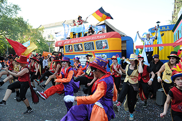 76 Gruppen, circa 4.400 Teilnehmer, 49 motorisierte Wagen vereint in Karnevalskunst: Musik, Tanz, Akrobatik, Performance, bildende Künste in einem Umzug auf der größten Bühne der Stadt – der Straße. Kostüme, Stelzen, Trommeln, Riesen und Zwerge, Vehikel und Trucks – neun Stunden lang in Kreuzberg.
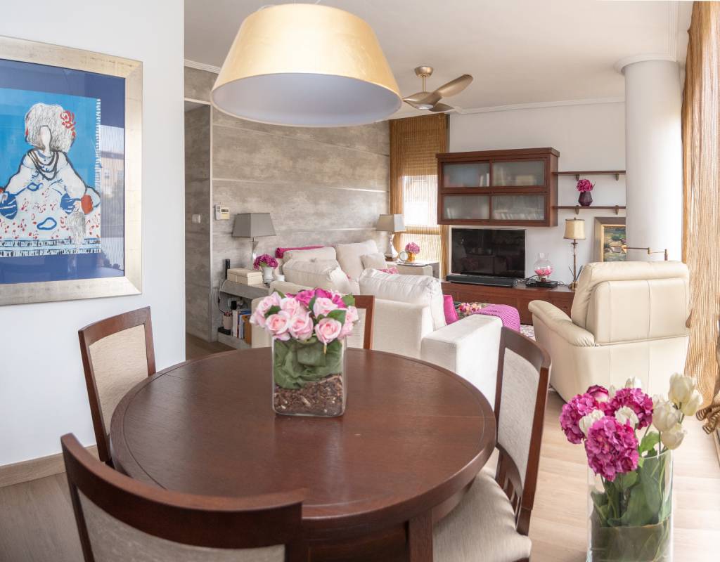 Magnifica vivienda de 150 m2, 4 dormitorios y 2 baños, con garaje y trastero opcional, hall de entrada, cocina con galería, amplio salón-comedor con salida a un balcón. Zona de dormitorios, dormitorio principal con baño en suite y con una pequeña terraza, tres dormitorios dobles con armarios empotrados, y baño completo.
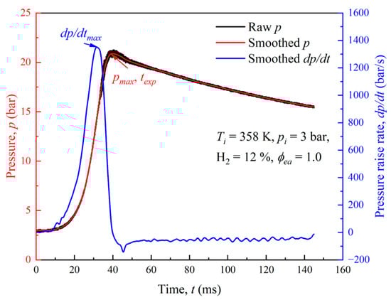 Figure 6 displays the curves of the raw explosion pressure, the smoothed explosion pressure, and the rate of pressure rise. The pressure of explosion rises rapidly after ignition, and there is a peak of pressure because of the contact with the wall of CVCC [46]. The smoothed curves can be filtered by Gaussian filtering in order to remove the interference present in the raw data, thereby allowing the trend in pressure and pressure rise rate to be more clearly reflected for the purposes of studying flame explosion characteristics. At the point at which the smoothed pressure curve reaches its maximum, the pressure at this point can be defined as the maximum explosion pressure pmax, and the time at this point can be defined as the explosion duration texp. Similarly, the pressure rise rate also rises rapidly after ignition and decreases when the flame reaches the wall of CVCC. The maximum value of the pressure rise rate is defined as (dp/dt)max.

:::::

Would you repeat the material exactly, keeping out any pictures?

 76 Gruppen, circa 4.400 Teilnehmer, 49 motorisierte Wagen vereint in Karnevalskunst: Musik, Tanz, Akrobatik, Performance, bildende Künste in einem Umzug auf der größten Bühne der Stadt – der Straße. Kostüme, Stelzen, Trommeln, Riesen und Zwerge, Vehikel und Trucks – neun Stunden lang in Kreuzberg.
 Magnifica vivienda de 150 m2, 4 dormitorios y 2 baños, con garaje y trastero opcional, hall de entrada, cocina con galería, amplio salón-comedor con salida a un balcón. Zona de dormitorios, dormitorio principal con baño en suite y con una pequeña terraza, tres dormitorios dobles con armarios empotrados, y baño completo.
 Figure 6 displays the curves of the raw explosion pressure, the smoothed explosion pressure, and the rate of pressure rise. The pressure of explosion rises rapidly after ignition, and there is a peak of pressure because of the contact with the wall of CVCC [46]. The smoothed curves can be filtered by Gaussian filtering in order to remove the interference present in the raw data, thereby allowing the trend in pressure and pressure rise rate to be more clearly reflected for the purposes of studying flame explosion characteristics. At the point at which the smoothed pressure curve reaches its maximum, the pressure at this point can be defined as the maximum explosion pressure pmax, and the time at this point can be defined as the explosion duration texp. Similarly, the pressure rise rate also rises rapidly after ignition and decreases when the flame reaches the wall of CVCC. The maximum value of the pressure rise rate is defined as (dp/dt)max.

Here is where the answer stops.